Meinung Eine runde Sache?

Illustration Foto: Daniel von Loeper

Die Schneise ist sinnvoller nutzbar als nur für Stop-and-Go. Katharina Rieger, die Vize-Chefin der Lokalredaktion, über die Events auf dem Altstadtring.

 

Für Samstag gibt die Stadt einen sehr pragmatischen Tipp: „Von Autofahrten im Bereich der Innenstadt wird dringend abgeraten.“ Denn für die erste Radler-Nacht wird ab 21 Uhr der Altstadtring gesperrt. So schnell können die Shopper aus EBE, FFB und FS die City mit ihrem Auto gar nicht verlassen, schon strampeln die Radfahrer auf dem Ring. Es verspricht, ein lustiger Abend mit Gehupe und Gegrantel zu werden. Und: Die nächste Ringparty steht schon an.

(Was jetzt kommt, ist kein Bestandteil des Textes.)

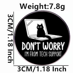 Material: Liga Tamanho: 3 x 3 cm Peso: 7,8 g Quantidade: você receberá todas as peças em quantidade igual à primeira foto principal. Mostre um gato engraçado Design: apresenta um broche redondo com um lindo gato preto sentado em um laptop e o texto engraçado “Não se preocupe, sou do suporte técnico”, adicionando um toque divertido à sua roupa. Material de liga de qualidade: feito de liga durável com revestimento de esmalte liso, leve, mas resistente, resistente a arranhões e fácil de manter. Estilo versátil: funciona como alfinetes de blusa, broche, alfinete de lapela ou crachá, perfeito para decorar jaquetas, bolsas, chapéus ou uniformes com um toque de gato nerd. Compacto e portátil: tamanho 3x3 cm, peso 7,8 g, pequeno e fácil de usar, oferecendo estilo sem sobrecarregar suas roupas ou acessórios. Perfeito para fãs de gatos e tecnologia: um acessório divertido para mulheres, homens, estudantes e profissionais que gostam de humor felino e querem mostrar personalidade em roupas diárias.

Der Ökumenische Kirchentag macht’s möglich, dass schon am 12. Mai der Altstadtring wieder verkehrsfreie Zone wird. Beim Abend der Begegnung sollen Hunderttausende ab 18.30 Uhr über die Meile flanieren. Pikant: Der Abend ist der Start in ein Superwochenende mit Christi Himmelfahrt am Donnerstag und Kirchtentag-schulfrei am Freitag. An diesem Abend werden sehr viele Leute einfach einkaufen wollen.

Bei den Feiern zum 850. Stadtgeburtstag haben die Münchner den Altstadtring kennengelernt als neue Partyzone. Die Schneise ist tatsächlich sinnvoller nutzbar als für stupides Stop-and-Go. Das Ziel, die City Zug um Zug für Autofahrer unattraktiver zu machen, ist richtig und wichtig für die Zukunft.

Aber ob überstürzt anberaumte Radlnächte und Mega-Events an Großkampftagen dafür sorgen, das Verständnis für dieses Ziel zu steigern? Es hapert an den vielen kleinen Schritten, die das Miteinander von Radlern, Autos und Fußgängern leichter machen. Also eine Verkehrsführung am Altstadtring, die das Radeln dort nicht zum lebensgefährlichen Extremsport macht. Das wär doch mal was.